- **Aim of the exercise**
Exact copies of all the lines below are wanted, without a single picture.

[Data extracted from a collection]
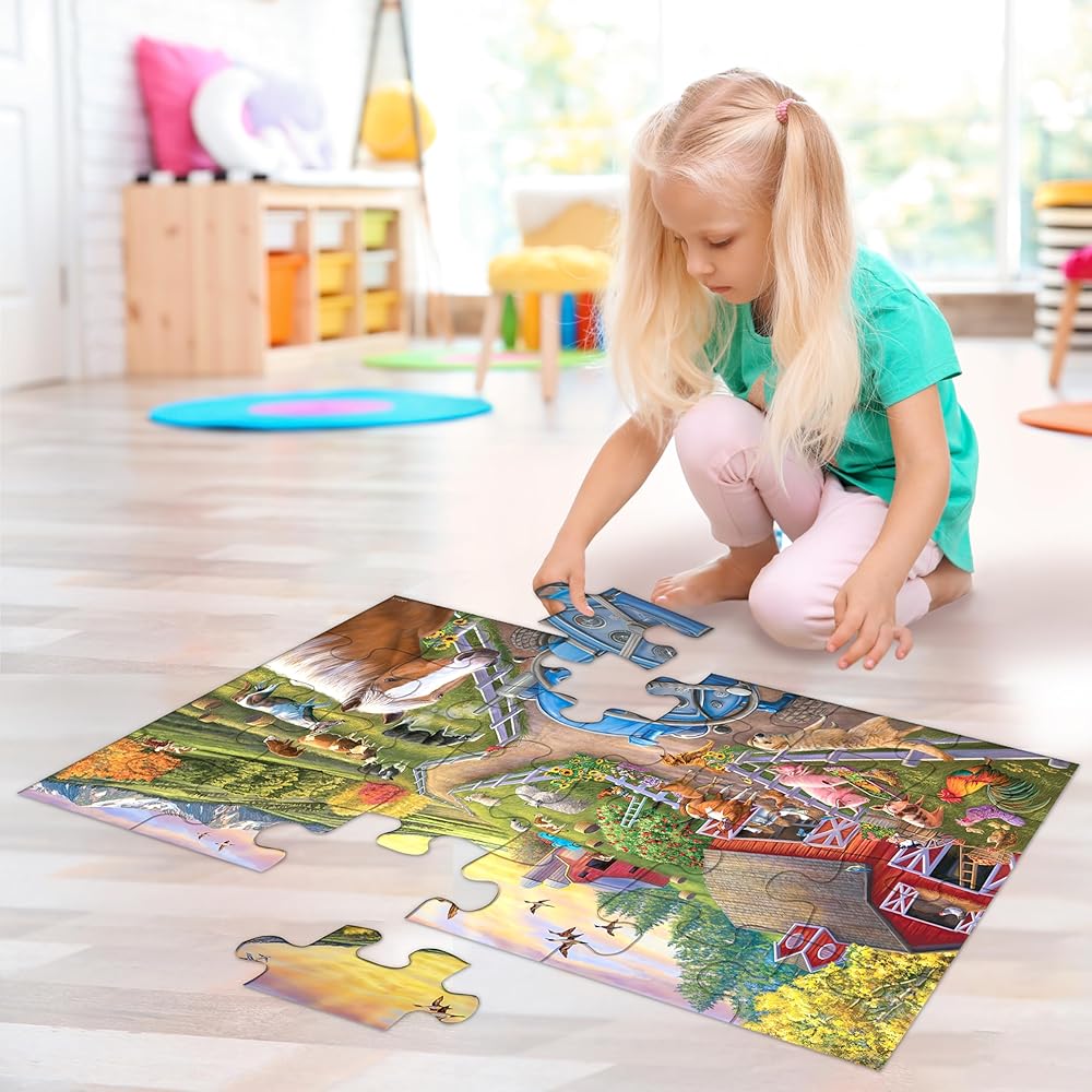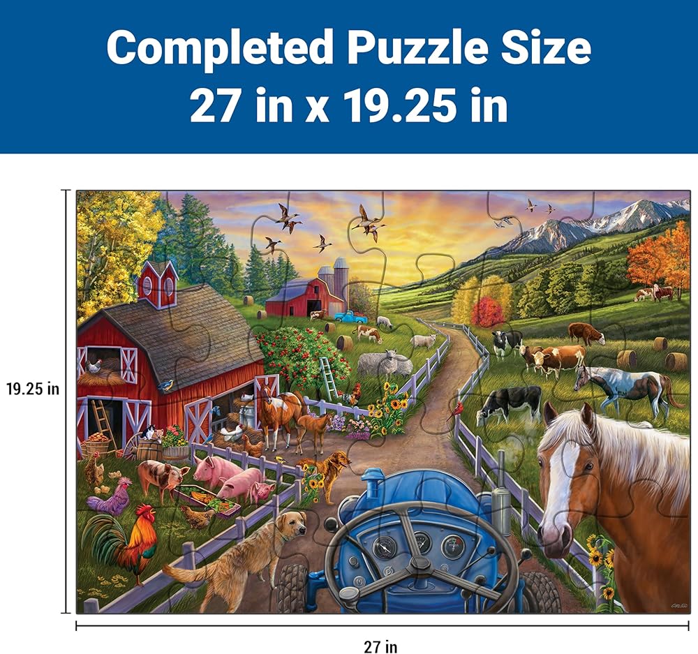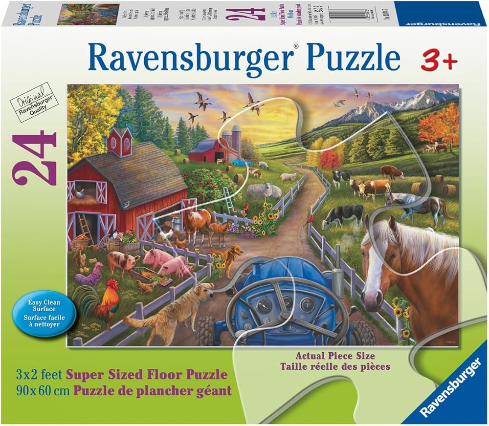 It's tractor time in our "My First Farm" puzzle! The day is dawning as rooster cock-a-doodle-doos. The pigs are slurping up their slops while the cows, horses and sheep munch on their morning meal. The apples are ripe and ready to pick. Time to haul some hay bales into the barn for the coming winter! Spark children's imaginations while they develop hand-eye coordination, fine motor skills and problem-solving through repeated practice. Build a puzzle and harvest valuable skills! This 24-piece floor puzzle has giant, durable pieces little hands can easily hold on to for lots of repeat fun! Clean-cut pieces and Ravensburger's tight interlocking fit provide a pleasurable puzzling experience for children and their adult helpers alike. With piece counts children can grow with, our Perfect Age Fit criteria ensures this puzzle is fun and educational for ages 3 and up! About the Artist: Artist Cory Carlson travels the world to capture rare moments of animals in their natural environment. He and his jewelry-artist wife say discovering natural treasures, whether in the remote African jungles or the farmlands of America, is always a joy. Cory is an avid preservationist whose work has been used by numerous conservation organizations to help raise funds and awareness for the protection of wildlife. Cory seeks to bring the beauty of nature into people's lives through art. Finished puzzle measures approximately 36 x 24 inches (90 x 60 cm).
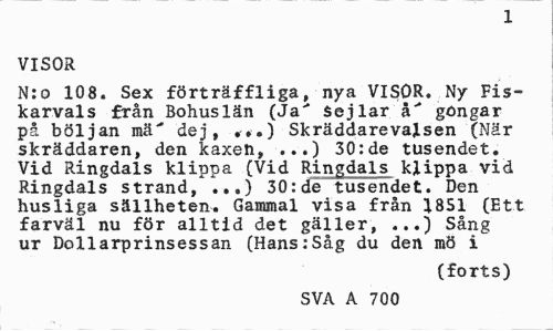 //// 1 //// VISOR //// N:o 108. Sex förträffliga, nya VISOR. Ny Fiskarvals från Bohuslän (Ja" Sejlar å" gongar på böljan mä" dej, ,..) Skräddarevalsen (När skräddaren, den kaxeh, ...) 30:de tusendet. Vid Ringdals klippa (Vid Ringdals klippa vid Ringdals strand, ..») 30:de tusendet. Den husliga sällheten. Gammal visa från 1851 (Ett farväl nu för alltid det gäller, ...) Sång ur Dollarprinsessan (Hans:Såg du den mö i //// (forts) //// SVA A 700 ////
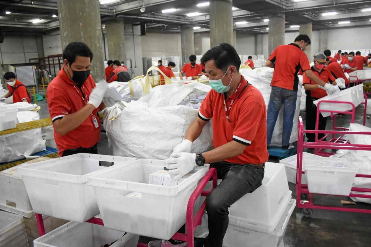 วันเดียวกัน ที่อาคารโกดัง 7 สำนักงานใหญ่ไทยรัฐกรุ๊ป ถ.วิภาวดีรังสิต ตั้งแต่ค่ำวันที่ 17 ธ.ค.ที่ผ่านมา เจ้าหน้าที่ไปรษณีย์ไทย ทั้งเขตนครหลวงและส่วนภูมิภาค ได้ทยอยขนส่งไปรษณียบัตรในเขตกรุงเทพมหานครและปริมณฑล รวมทั้งจังหวัดใกล้เคียงส่งมอบให้สำนักงานใหญ่ไทยรัฐกรุ๊ป เป็นจำนวนทั้งสิ้นแล้ว 30 ล้านฉบับ คาดว่า ไปรษณีย์ไทยจะจัดส่งไปรษณียบัตรทายผลฟุตบอลโลกจากทั่วประเทศสำนักงานใหญ่ไทยรัฐกรุ๊ป ครบร้อยเปอร์เซ็นต์ภายในวันที่ 22 ธ.ค.2565 จากนั้น ในวันที่ 23 ธ.ค.2565 จะเข้าสู่กระบวนการคัดแยกและตรวจสอบความถูกต้องต่อไป
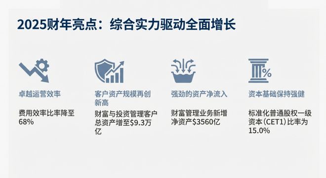 - 资产吸金兽: 投资者最应该关注的数据是“净增资产”(Net New Assets)。在Q4单季度,摩根士丹利就吸纳了 1223亿美元 的新资产,全年更是高达 3560亿美元。这直接推动了财富和投资管理部门的总客户资产规模达到了惊人的 9.3万亿美元。
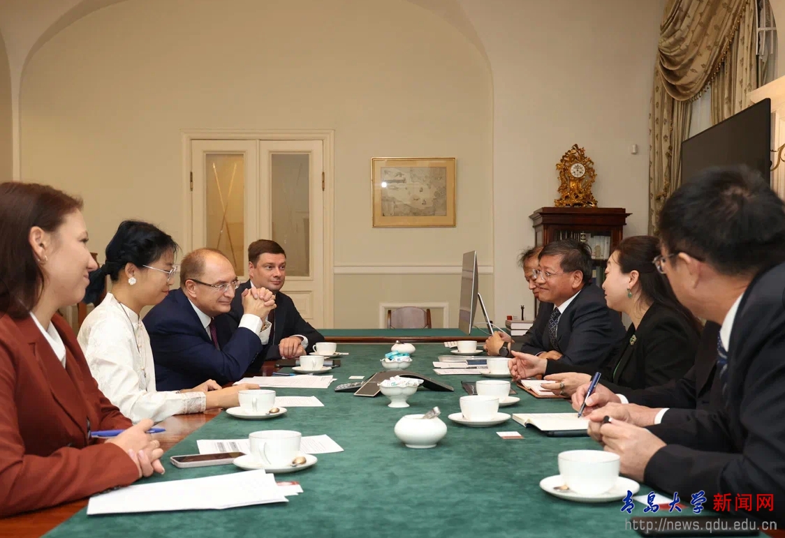 在圣彼得堡,代表团首先访问了圣彼得堡国立大学,受到了校长尼古拉·克罗帕乔夫的热情接待。双方同意在前期合作基础上,推进七方面合作:一是推进“数字经济中的数学方法与人工智能方法”硕士双学位联合培养项目和博士培养项目;二是探索开展“经济学+人工智能”交叉学科人才联合培养;三是依托两校医学院(中心)和附属医院,开展医生的交流互访和旅游医疗,推动医疗合作;四是推动两校互设办事处;五是联合开发在线课程并上线学堂在线平台;六是面向上合重大需求,通过博弈论、人工智能等技术手段开展学科交叉创新合作研究;七是探讨合作成立联合学院等办学机构。
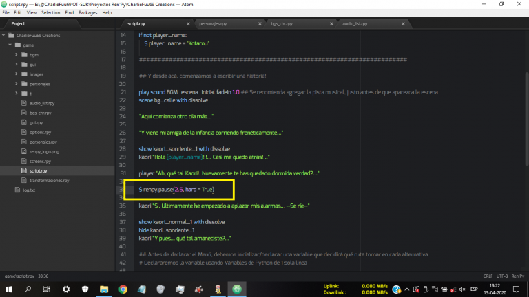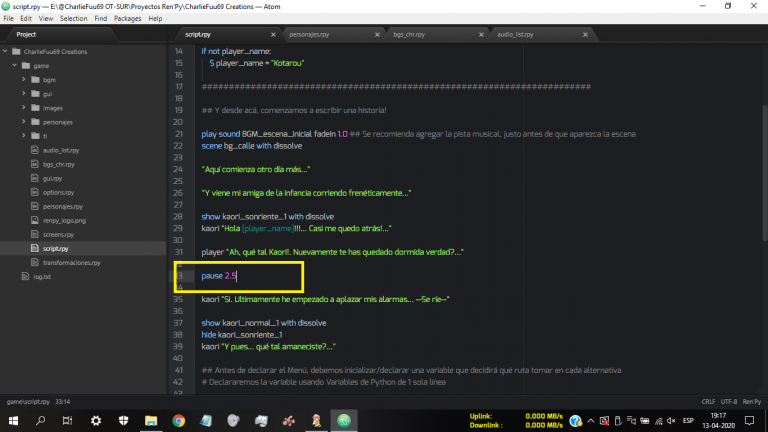 El desarrollador de Ren’Py ha dejado a disposición, dos tipos de pausas para que podamos utilizar. Estos tipos de pausas son los siguientes :
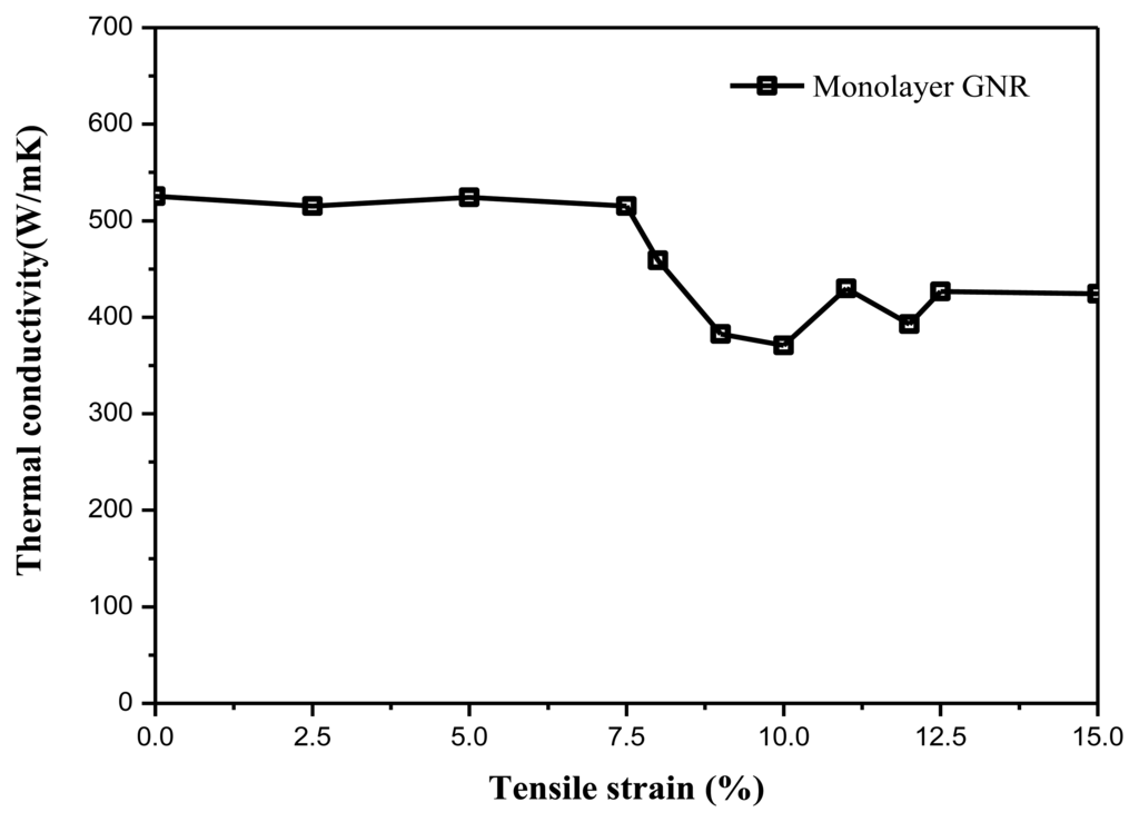 MD simulation results show GNRs with different tensile strains have different thermal conductivities. In Figure 2, while the tensile strain varies from 0% to 7.5%, the thermal conductivity basically remained stable at about 525 Wm−1·K−1. Then the thermal conductivity begins to rapidly decrease to 371 Wm−1·K−1 while the tensile strain changes from 7.5% to 10.0%, which is almost 30% smaller than that of a strain-free GNR.
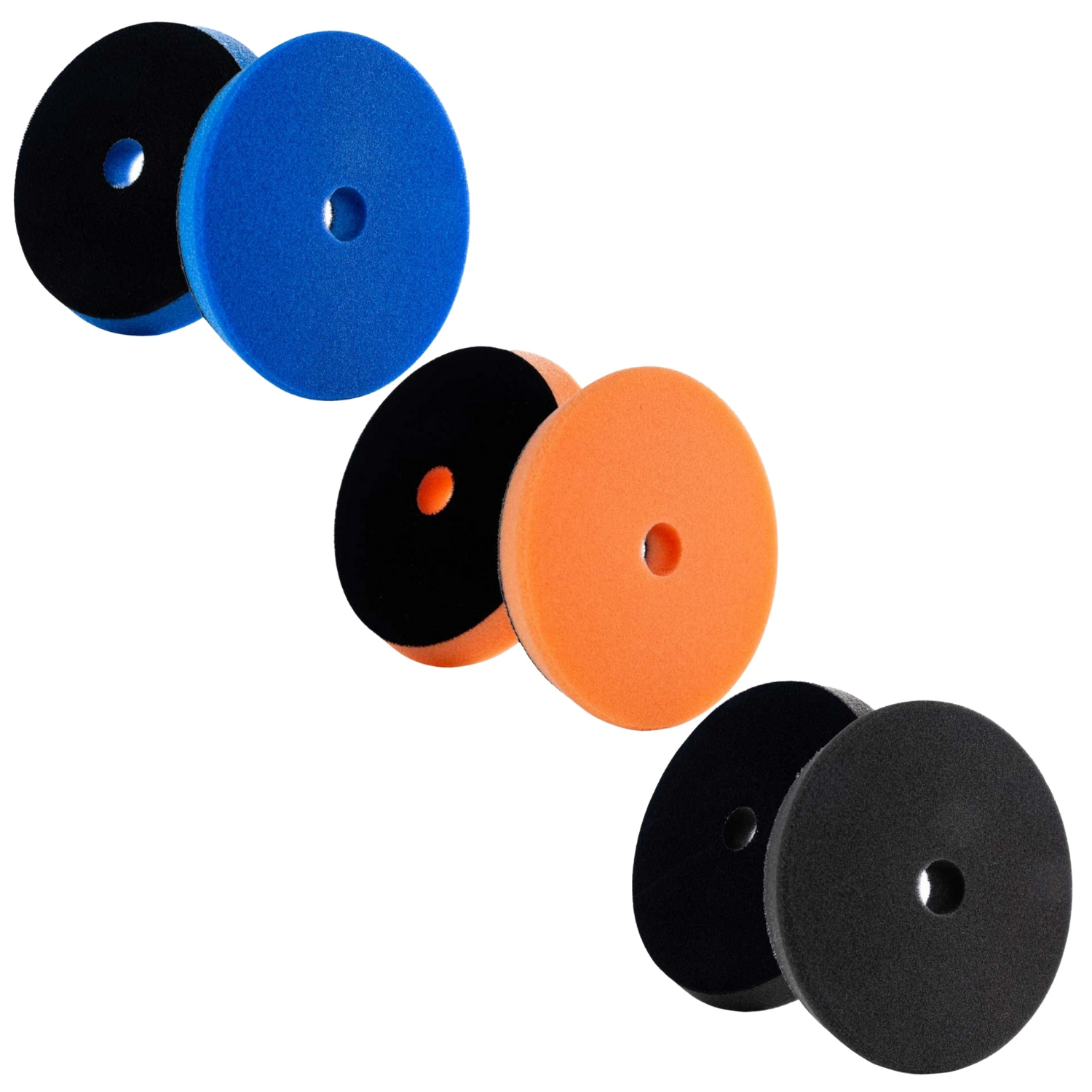 Zestaw gąbek polerskich Lake Country SDO 140 mm został zaprojektowany z myślą o efektywnej i bezpiecznej pracy z maszynami typu Dual Action. W komplecie znajdują się trzy pady o różnej twardości: twardy, średni i miękki, co pozwala na kompleksowe wykonanie korekty lakieru – od cięcia, przez polishing, aż po wykończenie.

- **Solution**
 It's tractor time in our "My First Farm" puzzle! The day is dawning as rooster cock-a-doodle-doos. The pigs are slurping up their slops while the cows, horses and sheep munch on their morning meal. The apples are ripe and ready to pick. Time to haul some hay bales into the barn for the coming winter! Spark children's imaginations while they develop hand-eye coordination, fine motor skills and problem-solving through repeated practice. Build a puzzle and harvest valuable skills! This 24-piece floor puzzle has giant, durable pieces little hands can easily hold on to for lots of repeat fun! Clean-cut pieces and Ravensburger's tight interlocking fit provide a pleasurable puzzling experience for children and their adult helpers alike. With piece counts children can grow with, our Perfect Age Fit criteria ensures this puzzle is fun and educational for ages 3 and up! About the Artist: Artist Cory Carlson travels the world to capture rare moments of animals in their natural environment. He and his jewelry-artist wife say discovering natural treasures, whether in the remote African jungles or the farmlands of America, is always a joy. Cory is an avid preservationist whose work has been used by numerous conservation organizations to help raise funds and awareness for the protection of wildlife. Cory seeks to bring the beauty of nature into people's lives through art. Finished puzzle measures approximately 36 x 24 inches (90 x 60 cm).
 //// 1 //// VISOR //// N:o 108. Sex förträffliga, nya VISOR. Ny Fiskarvals från Bohuslän (Ja" Sejlar å" gongar på böljan mä" dej, ,..) Skräddarevalsen (När skräddaren, den kaxeh, ...) 30:de tusendet. Vid Ringdals klippa (Vid Ringdals klippa vid Ringdals strand, ..») 30:de tusendet. Den husliga sällheten. Gammal visa från 1851 (Ett farväl nu för alltid det gäller, ...) Sång ur Dollarprinsessan (Hans:Såg du den mö i //// (forts) //// SVA A 700 ////
 วันเดียวกัน ที่อาคารโกดัง 7 สำนักงานใหญ่ไทยรัฐกรุ๊ป ถ.วิภาวดีรังสิต ตั้งแต่ค่ำวันที่ 17 ธ.ค.ที่ผ่านมา เจ้าหน้าที่ไปรษณีย์ไทย ทั้งเขตนครหลวงและส่วนภูมิภาค ได้ทยอยขนส่งไปรษณียบัตรในเขตกรุงเทพมหานครและปริมณฑล รวมทั้งจังหวัดใกล้เคียงส่งมอบให้สำนักงานใหญ่ไทยรัฐกรุ๊ป เป็นจำนวนทั้งสิ้นแล้ว 30 ล้านฉบับ คาดว่า ไปรษณีย์ไทยจะจัดส่งไปรษณียบัตรทายผลฟุตบอลโลกจากทั่วประเทศสำนักงานใหญ่ไทยรัฐกรุ๊ป ครบร้อยเปอร์เซ็นต์ภายในวันที่ 22 ธ.ค.2565 จากนั้น ในวันที่ 23 ธ.ค.2565 จะเข้าสู่กระบวนการคัดแยกและตรวจสอบความถูกต้องต่อไป
 - 资产吸金兽: 投资者最应该关注的数据是“净增资产”(Net New Assets)。在Q4单季度,摩根士丹利就吸纳了 1223亿美元 的新资产,全年更是高达 3560亿美元。这直接推动了财富和投资管理部门的总客户资产规模达到了惊人的 9.3万亿美元。
 在圣彼得堡,代表团首先访问了圣彼得堡国立大学,受到了校长尼古拉·克罗帕乔夫的热情接待。双方同意在前期合作基础上,推进七方面合作:一是推进“数字经济中的数学方法与人工智能方法”硕士双学位联合培养项目和博士培养项目;二是探索开展“经济学+人工智能”交叉学科人才联合培养;三是依托两校医学院(中心)和附属医院,开展医生的交流互访和旅游医疗,推动医疗合作;四是推动两校互设办事处;五是联合开发在线课程并上线学堂在线平台;六是面向上合重大需求,通过博弈论、人工智能等技术手段开展学科交叉创新合作研究;七是探讨合作成立联合学院等办学机构。
 El desarrollador de Ren’Py ha dejado a disposición, dos tipos de pausas para que podamos utilizar. Estos tipos de pausas son los siguientes :
 MD simulation results show GNRs with different tensile strains have different thermal conductivities. In Figure 2, while the tensile strain varies from 0% to 7.5%, the thermal conductivity basically remained stable at about 525 Wm−1·K−1. Then the thermal conductivity begins to rapidly decrease to 371 Wm−1·K−1 while the tensile strain changes from 7.5% to 10.0%, which is almost 30% smaller than that of a strain-free GNR.
 Zestaw gąbek polerskich Lake Country SDO 140 mm został zaprojektowany z myślą o efektywnej i bezpiecznej pracy z maszynami typu Dual Action. W komplecie znajdują się trzy pady o różnej twardości: twardy, średni i miękki, co pozwala na kompleksowe wykonanie korekty lakieru – od cięcia, przez polishing, aż po wykończenie.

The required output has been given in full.